Issues raised include immigrants rights (Webster), challenges to public schools (Kim Jastremski, Cooperstown), climate change (Lou Allstadt, Hardin’s spouse) and political reform (Jim Herman, Hartwick).
Antoinette Kuzminski, Adrian’s spouse and a recently retired Bassett physician, announced two upcoming meetings to raise the local level of understanding about healthcare reform.
Thursday, March 2, former Bassett President/CEO Bill Streck will discuss impacts of proposed changes; Thursday, March 9, Dr. Chris Kjolhede, who manages Bassett’s in-school clinic, will moderate a discussion about advocacy possibilities. Both are 7-9 p.m. at Templeton Hall.
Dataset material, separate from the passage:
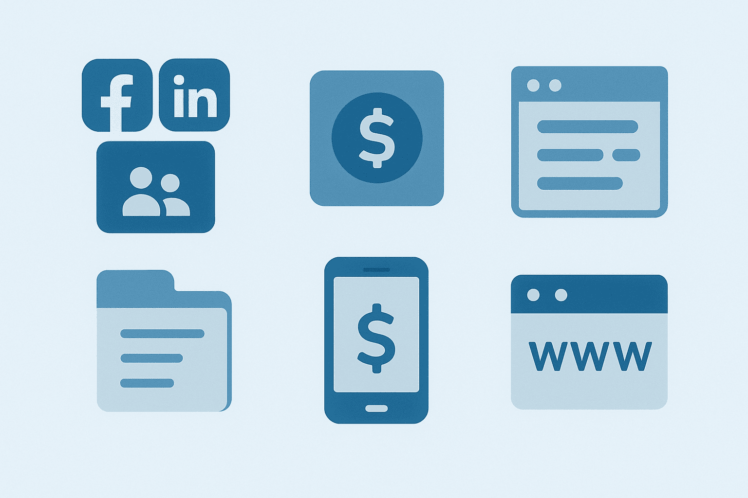 - Email accounts, social media accounts (Facebook, Instagram, LinkedIn)

While recognizing the range of activity, Vince Casale, Otsego County Republican chairman, said it is, as yet, unfocused. “My first question is, what do they want?” Lacking that, events like this weekend’s rally are “demonstrations for the sake of demonstrations.”
Casale said Faso “is never avoiding his constituents: He wants to meet and talk with them.” But, “if there are concerns out there, those concerns need to be brought to a forum that’s conducive to a good dialogue, an exchange of ideas that’s fair – and even safe – for everyone who’s there.”
“What about other voices that want to talk about other issues?” Casale continued. “Discussions with constituents should be for everyone, not just a small group of people seeking to hijack the conversation.”
Stormy town hall meetings were expected across the country this week, a congressional recess. According to reports, Elise Stefanik, R-Willsboro, when asked to schedule town hall meetings, arranges smaller, more intimate conversations.
Meanwhile, Kline said, “Our ‘Indivisible’ group has joined with other groups, such as Our Revolution” – inspired by Bernie Sanders’ campaign – “Move Forward New York and Swing Left. There’s a whole group of resistance groups, for lack of a better word, that we’re joining together with.”
Swing Left, she said, has identified congressional districts across the country where Republicans were elected by less than 15 percentile points, and thus vulnerable to challenges in 2018. Faso bested Democratic Teachout by 8.6 points Nov. 8, and thus falls into the category.
U.S Rep. Claudia Tenney, R-Utica, whose district includes a northwest section of Otsego County, is also in a swing district, having won by just 5 percentage points, Swing Left reports.